What is it with body shaming? Is our world so full of material idiocy that we feel it’s okay to make others feel less human simply because of their natural traits? If that’s the case, then we suck.
But there’s hope. Last week, you may have read the story of 2015 Playboy Playmate of the Year Dani Mathers body shaming an unsuspecting woman at an LA Fitness gym in images she posted to Snapchat (below). Sadly, I’d never heard of the model until this despicable incident (and her career is definitely on life support now).
The outcry over the cruel post has been heated and well-deserved. Mathers was banned from all LA Fitness facilities (I’m now a fan of LA Fitness). She also was suspended from her job at the Southern California-based “Heidi and Frank” radio show on KLOS 95.5. She’s reportedly under criminal investigation by the Los Angeles police department for “disseminating private images.” The police are looking for the woman in the photos.

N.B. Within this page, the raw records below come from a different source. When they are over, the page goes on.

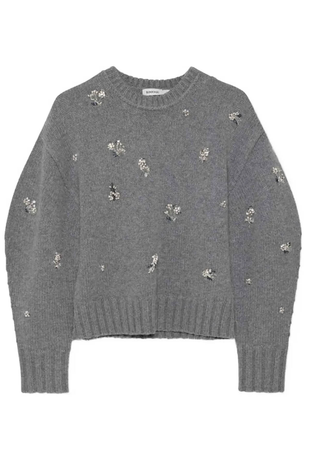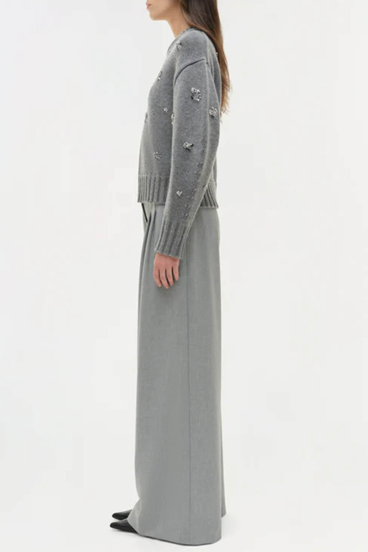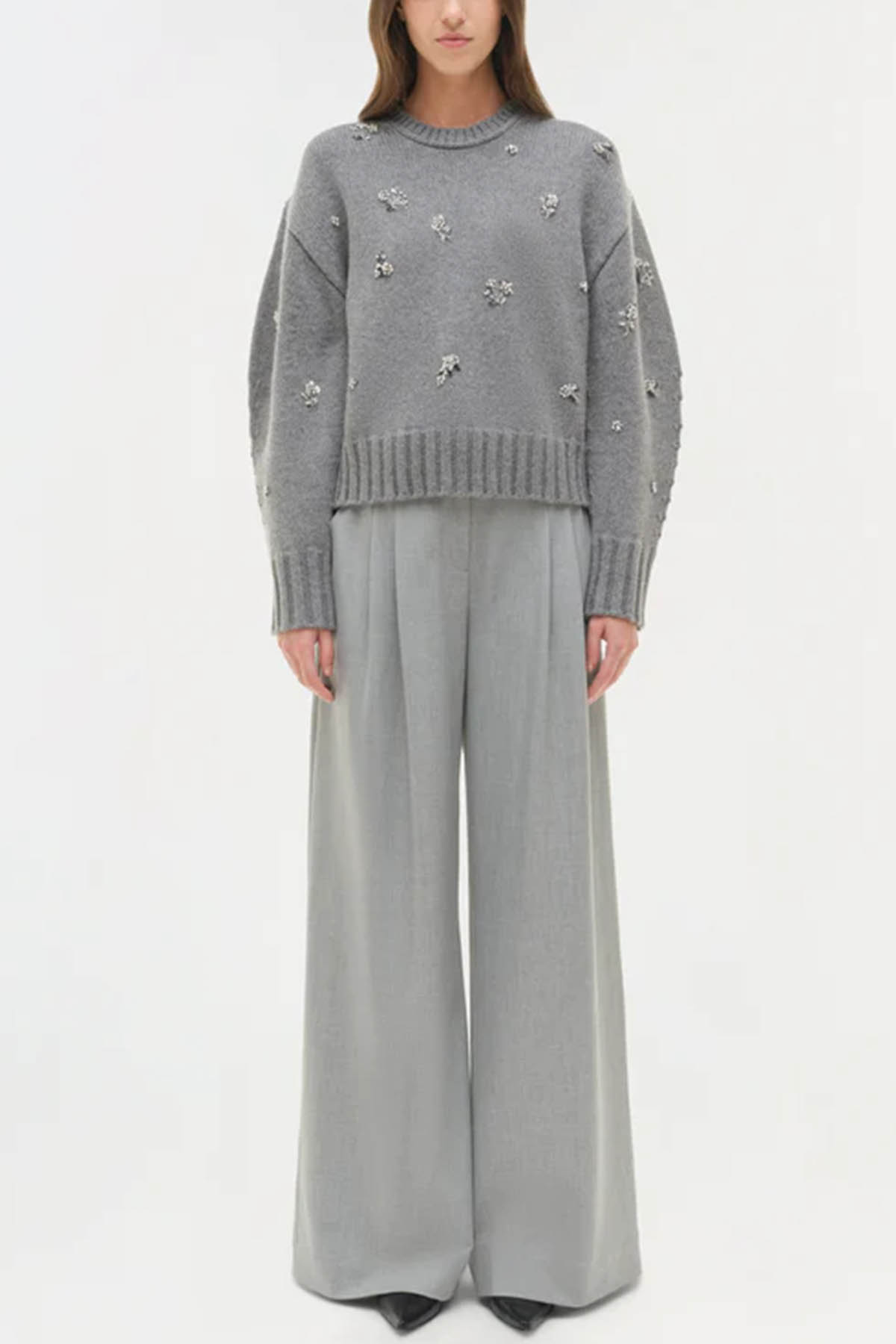 Modello girocollo, taglio spalla basso, manica lunga, orlo e polsini a coste, decorazioni in cristallo applicate.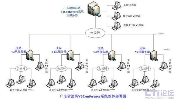 整體系統(tǒng)采用服務器級聯(lián)架構部署,在總隊網(wǎng)絡中心部署了主服務器,全省各地市21個支隊,每個支隊部署1臺v2從服務器,與總隊主服務器進行級聯(lián),所有從服務器下面每個大、中隊分別作為一個終端節(jié)點接入支隊從服務器,教導大隊及總隊直屬特勤大隊直接接入總隊服務器,所用傳輸線路為總隊現(xiàn)有的公安網(wǎng)絡資源。通過目前整個v2系統(tǒng)的部署完成了廣東消防全省300多點終端會場的同時接入,在這個遠程教育系統(tǒng)平臺之上,可以同時召開總隊對支隊的會議,支隊對所屬大中隊的會議,多點即時交流會議,會議和會議之間互不影響,獨立開展。在大數(shù)量終端同時參與同一會議時,V2conference系統(tǒng)的級聯(lián)功能可以有效地將服務器資源進行整合,以適應更大規(guī)模的會議應用,并通過多服務器來均衡整體系統(tǒng)壓力,使系統(tǒng)更加穩(wěn)定。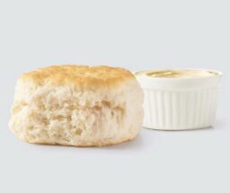 Fluffy buttermilk biscuit spread with maple honey butter. The kind of down-home breakfast that melts in your mouth and makes you reminisce about the farm, even if you’re from the city.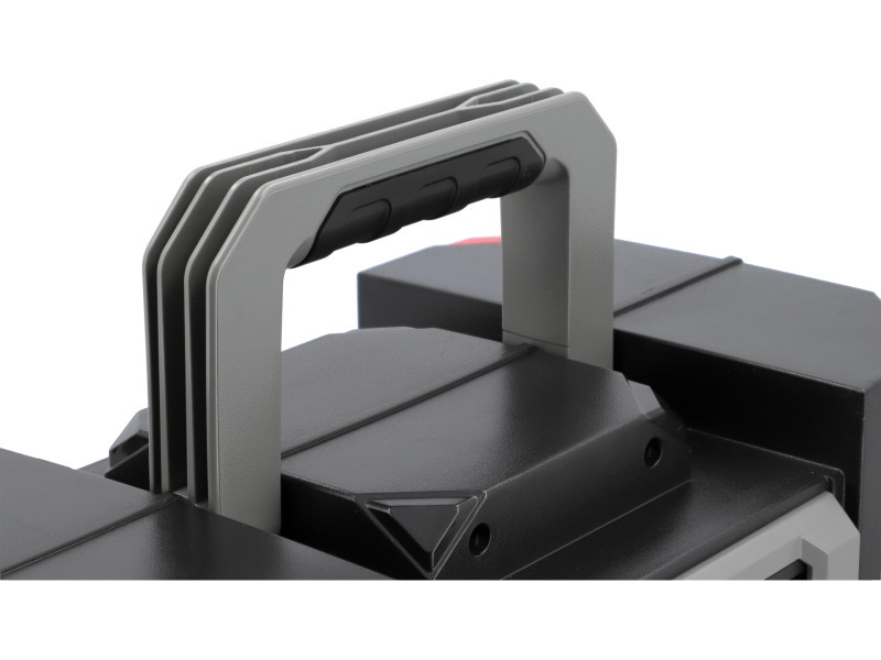 Portable battery power station with a capacity of 917 Wh with UPS function. It can handle eleven devices at once. Built-in bidirectional AC converter with pure sine wave with a rated power of 1200 W (peak up to 2400 W) will work as an emergency power source for, among others, a pump and central heating boiler controller, router, desktop computer, most power tools, and many other devices. Six USB ports, including two USB-A in Q.C technology max 18 W, two USB-C in PD 60 W and PD100 W technology, will power and recharge your smartphone, tablet, or laptop multiple times. The 12 V socket will successfully power a camping fridge or dedicated lighting. Two 12 V output jack sockets can be used, for example, to maintain voltage in the car while charging the battery.
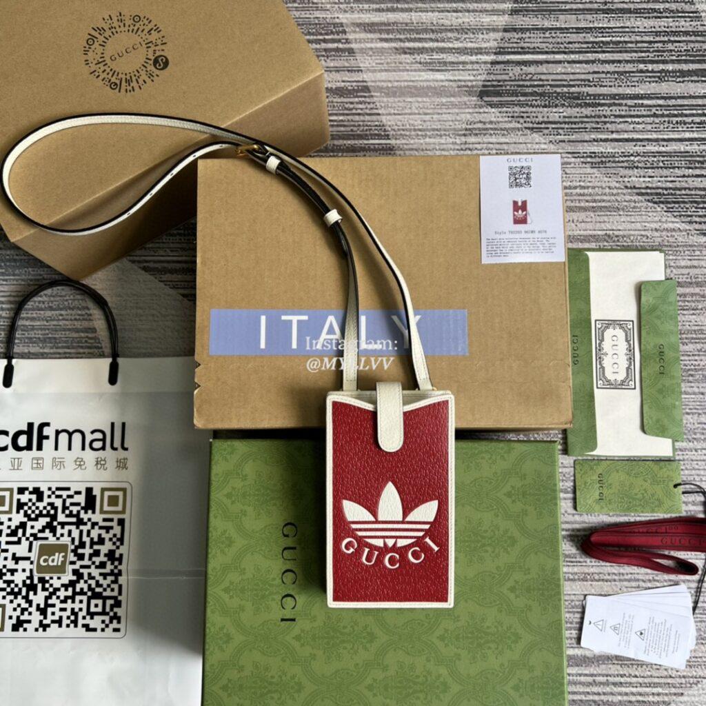 Top Quality Version:MYLLVV » Gucci Red And White Leather Adidas x Gucci Phone Case 702203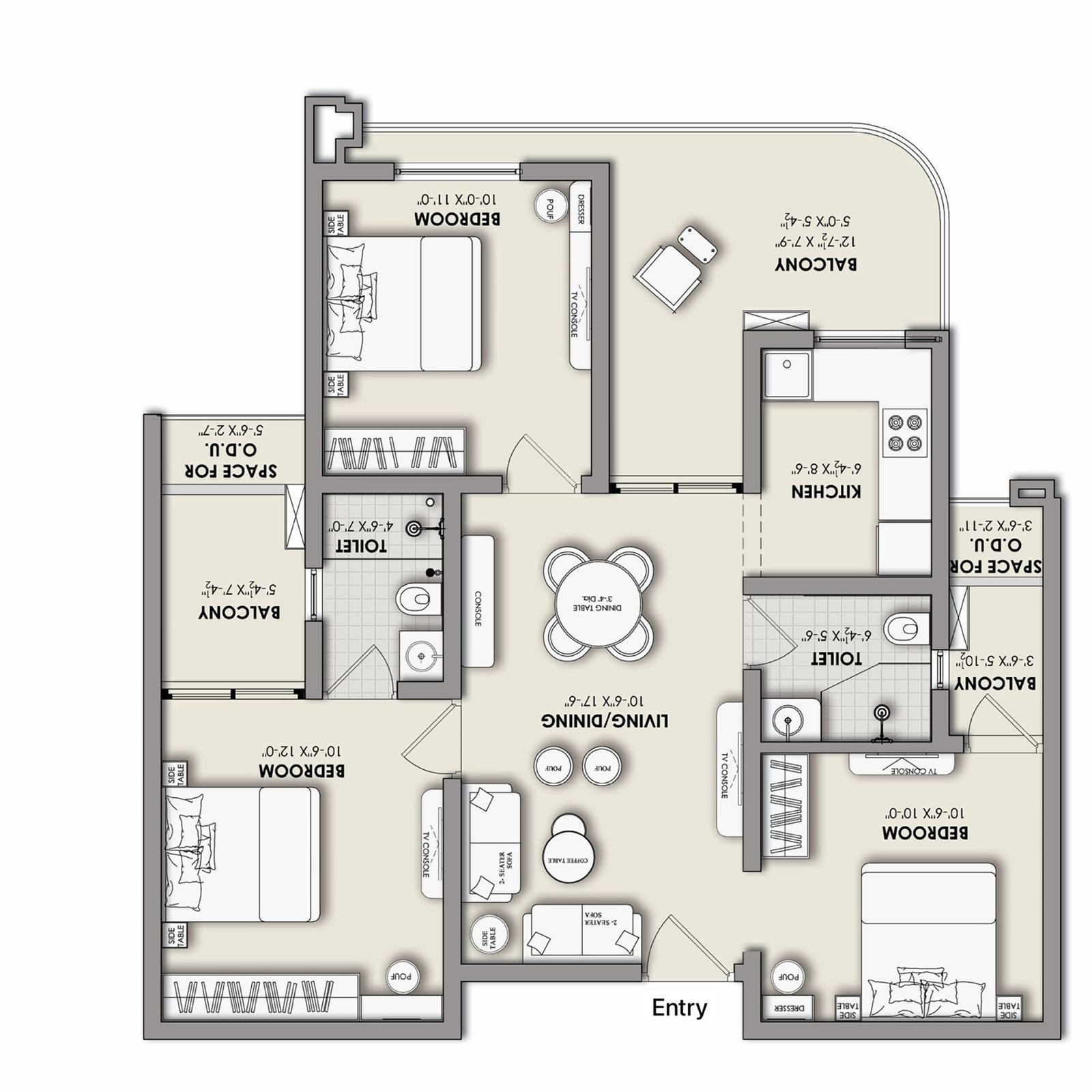 | 3 BHK | 1249.47 Sq.Ft. | ₹43,00,000* | ₹96,000 |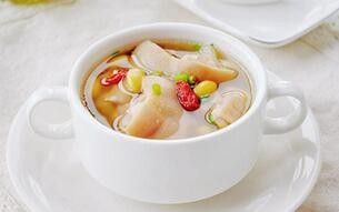 猪蹄汤:此汤肉质粑烂,汤浓,有补气血、增乳汁之功。适用于气血虚弱而致乳房不丰满或产后缺乳,面色不华,食欲不振,脉细弱。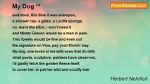 'You seem to have, ' <br />I said to her, sincerely, <br />'Chinese-like eyes <br />when you are fretting, <br />like in pursuit of food, <br />in hopes of being scratched <br />or just to be allowed to watch <br />your favourite show on the TV'. <br /> <br />It was a combination of <br />a hesitation issue twinkle <br />and pupillary sanpaku. <br /> <br />She knows all that, of course <br />and, it is likely that I've been <br />quite tightly wrapped around <br />her paws by Mesmer's eyes.<br /><br />Herbert Nehrlich<br /><br />http://www.poemhunter.com/poem/my-dog-3/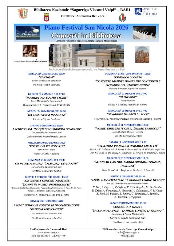 La Stagione 2026 dei “Concerti in Biblioteca” è organizzata in sinergia tra EurOrchestra e la Biblioteca Nazionale di Bari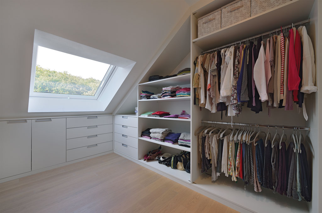 Der begehbare Kleiderschrank öffnet sich durch eine Spiegel-Gleittür und ist mit verschiedenen Ordnungssystemen, speziell für Dachschrägen, ausgestattet.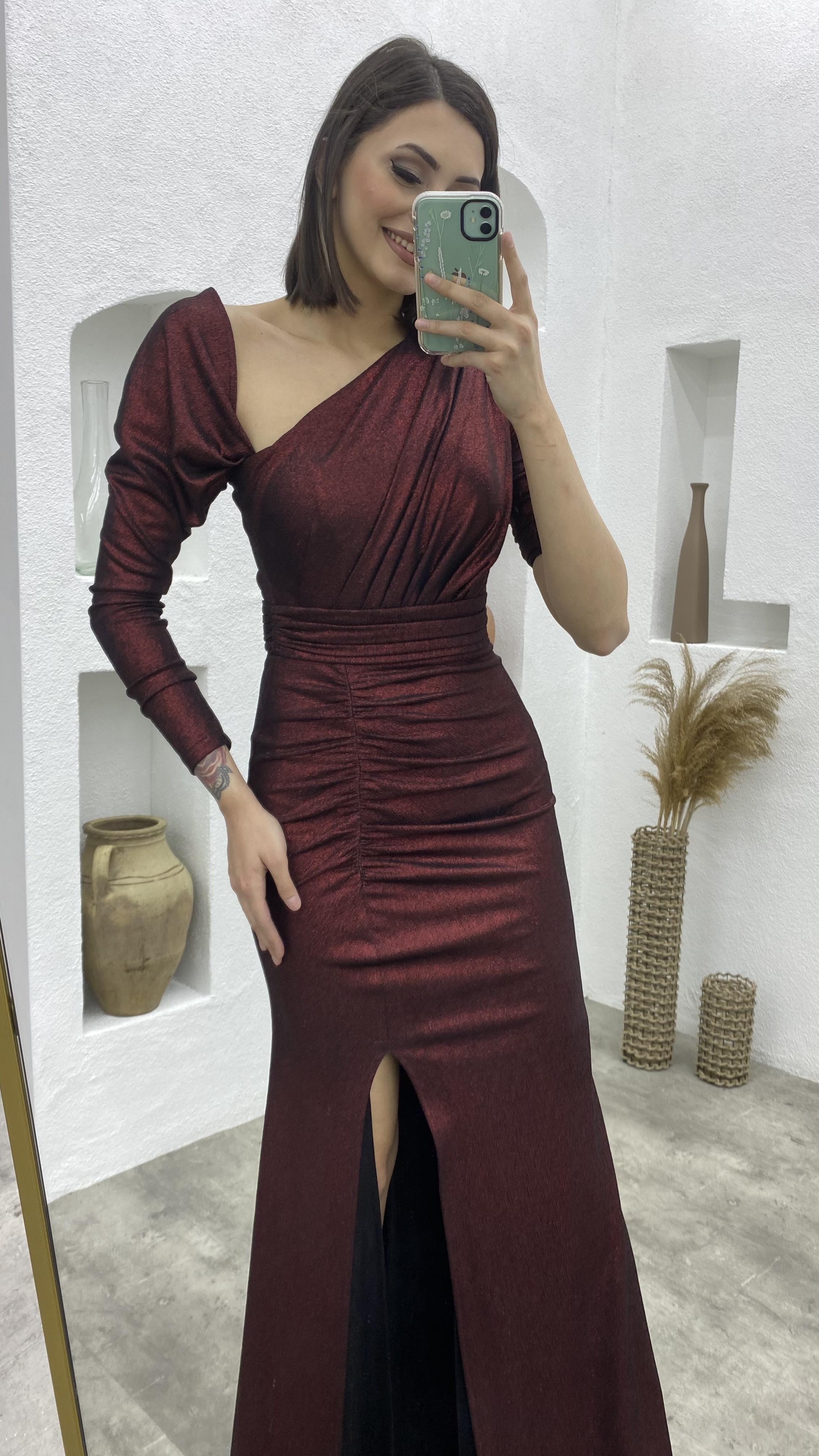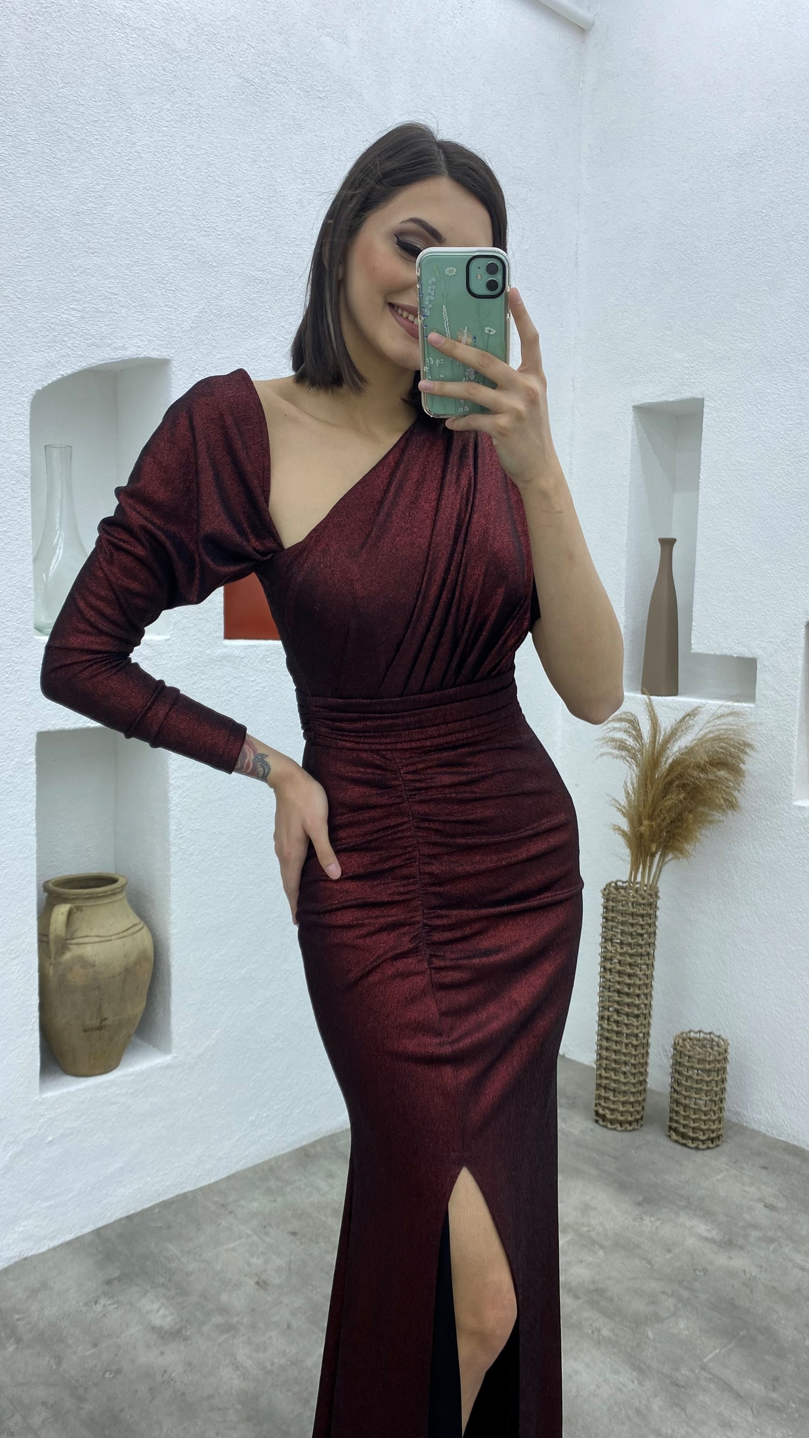 • Bordo Asimetrik Kesim Büzgülü Simli Abiye Elbise

The model apologized but the damage has obviously been done. But perhaps the best part of the whole incident is that it’s brought other women out of the woodwork to defend someone they don’t even know, showing there is hope for humanity after all. And this particularly poignant Facebook post, below, from a Connecticut woman has gone viral. Nicole Henry took a snap of herself in a bikini and came to the defense of the unidentified victim.
“I started thinking about how fat people, like me, get judged solely by our outward appearance, and that really bothered me,” she said. “Yes, my body has rolls, and stretch marks, but my body is so much more than that. This body volunteered in a school in a slum in Africa and built houses with Habitat for Humanity in both the United States and Guatemala. I’m not asking you to think I’m beautiful, or to admire the things I have done. I am asking you to realize that there is more to a person than what their body looks like.”
Boom. Just be who you are. Let others be who they are. And the world can again be a beautiful place.